A bag used by NASA astronaut Neil Armstrong to collect dust and rocks from the lunar surface is expected to bring in an otherworldly sum when it goes up for auction (along with several other pieces of important space memorabilia) later on this week at Sotheby’s in New York City.
Used by Armstrong to transport the very first lunar samples ever collected back to Earth as part of the Apollo 11 mission, the bag still contains dust and small rocks and is expected to fetch up to $4 million once the auction begins at 11am Thursday morning, according to Fortune.
“This seemingly modest bag… played a crucial role in the most important scientific task of the Apollo 11 mission – to bring back the first sample of lunar material ever collected,” Cassandra Hatton, the vice president and senior specialist at Southeby’s who is in charge of the upcoming auction, said in a statement, according to CollectSpace.
“To be able to see such an object in person is a once in a lifetime opportunity,” she added. “It is one thing to read about going to the moon; it is quite another to hold in one’s hands an object that was actually there and still carries traces of that faraway place.”

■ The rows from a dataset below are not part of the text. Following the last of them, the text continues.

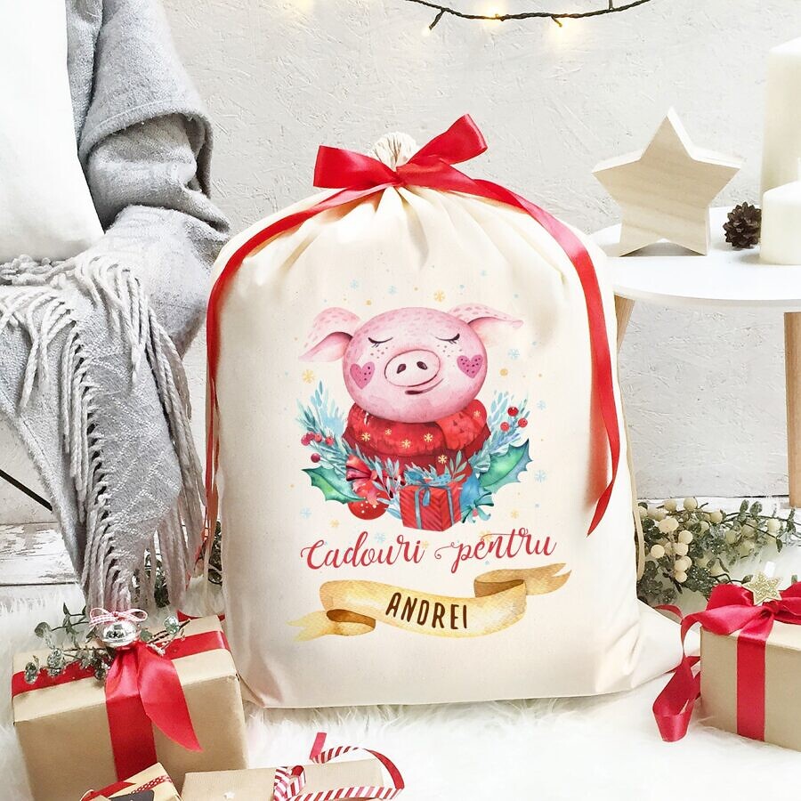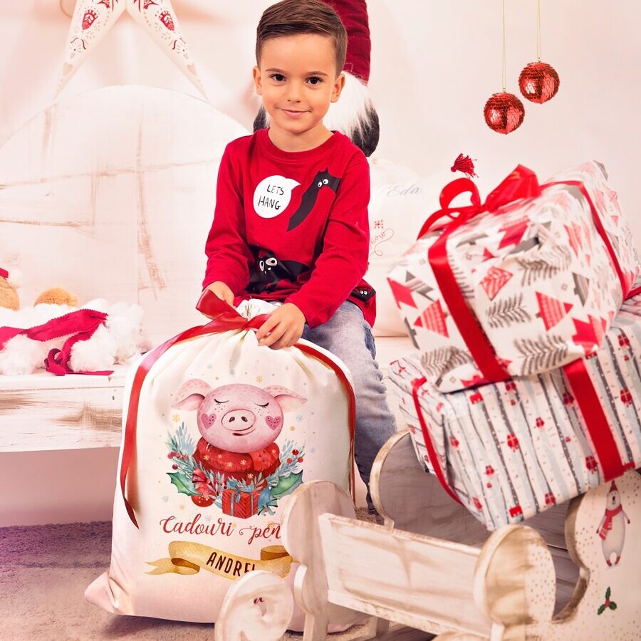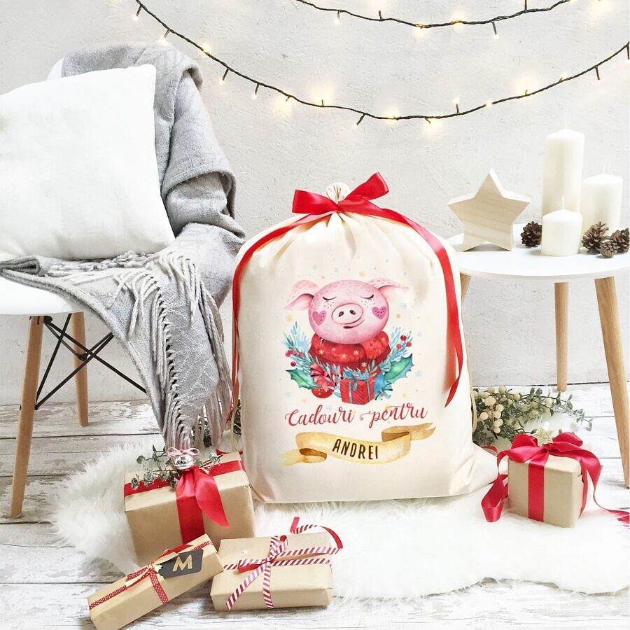 Sacul Mosului – Sac de Craciun personalizat de la ajutorul Mosului Purcelusul Vesel
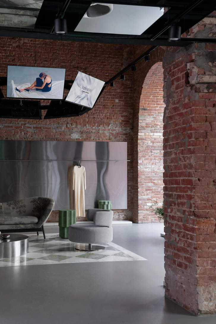 Современных клиентов уже не удивить просто красивым интерьером. Поэтому мы создали мульти-пространство и интегрировали digital-инструменты, с помощью которых бренд может рассказать о своем продукте в разных форматах — так мы развили диалог между прошлым и настоящим.
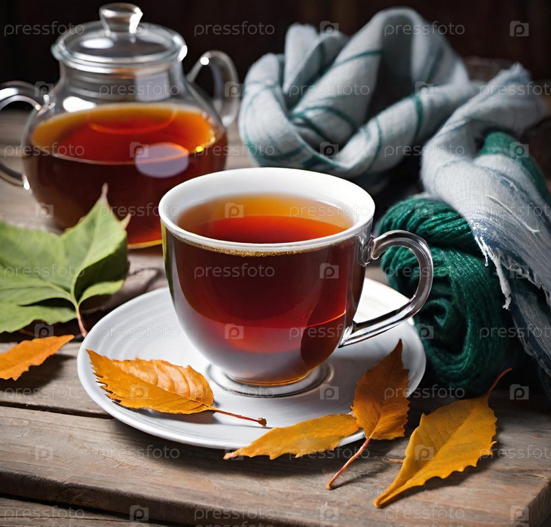 Осеннее настроение. Чашка чая, осенние листья, плед, шарф ИИ
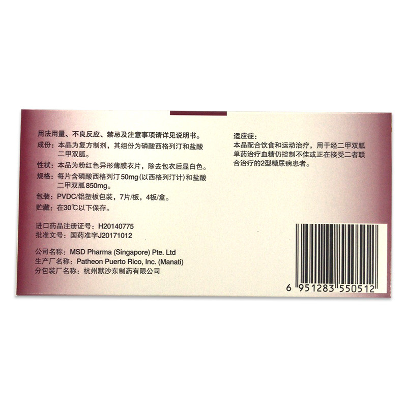 捷诺达 Гонота сигериновый двойной -дал -тадпорт II 50 мг/850 мг*28 таблетки/коробка для диабетических симптомов

In addition to the bag, items available for the auction include the Apollo 13 flight plan (which is expected to bring in $30,000 to $40,000 at the auction) and the record file for famed Cosmonaut Yuri Gagarin, which will likely go for at least $50,000, photographs of the moon taken by the US space agency and even a spacesuit worn by Gus Grissom, the Science Times added.
The unusual journey of this unusual space artifact
According to Sotheby’s, the auction is their first space-themed sale in approximately two decades and was scheduled to coincide with the 48th anniversary of the Apollo 11 moon landing. Several of the items come from astronauts’ private collections, and some are autographed, they noted.
While such artifacts, as well as photos, tools, maps, charts and more, will be available to buy at the auction, the Armstrong sample bag is the obvious showcase piece – but, as collectSpace, the Science Times and Fortune explained, that wasn’t always the case. In fact, it previously failed to sell at auction and wound up being purchased as part of a lot for less than $1,000.
For many years, the bag was stored at the famous Johnson Space Center in Houston, but at some point, NASA lost track of it and it ended up being found in the garage of Max Ary, co-founder of the Cosmosphere in Hutchinson, Kansas. Ary was later convicted of stealing and selling artifacts belonging to NASA and the Cosmosphere, but the Armstrong bag was inadvertently sold in 2015 on behalf of the US Marshals Service to cover restitution due by the museum manager.
However, the bag was unable to find a buyer at Marshal Service auctions on two occasions and wound up going to Chicago-area attorney Nancy Lee Carlson for just $995 on the third attempt. In an effort to learn more about the bag, Carlson contacted NASA, who tested it and its contents and found that the bag contained actual moon dust collected by Armstrong.
The agency attempted to keep the sample bag and its contents, but Carlson filed a lawsuit. She won, and NASA was forced to return the item to her after a Texas judge ruled that there was not enough evidence to overturn the result of the Marshals’ sale. Now, with the bag authenticated by NASA, Carlson has decided to put it up for auction once again – and this time she is expected to earn a considerable return on her initial investment.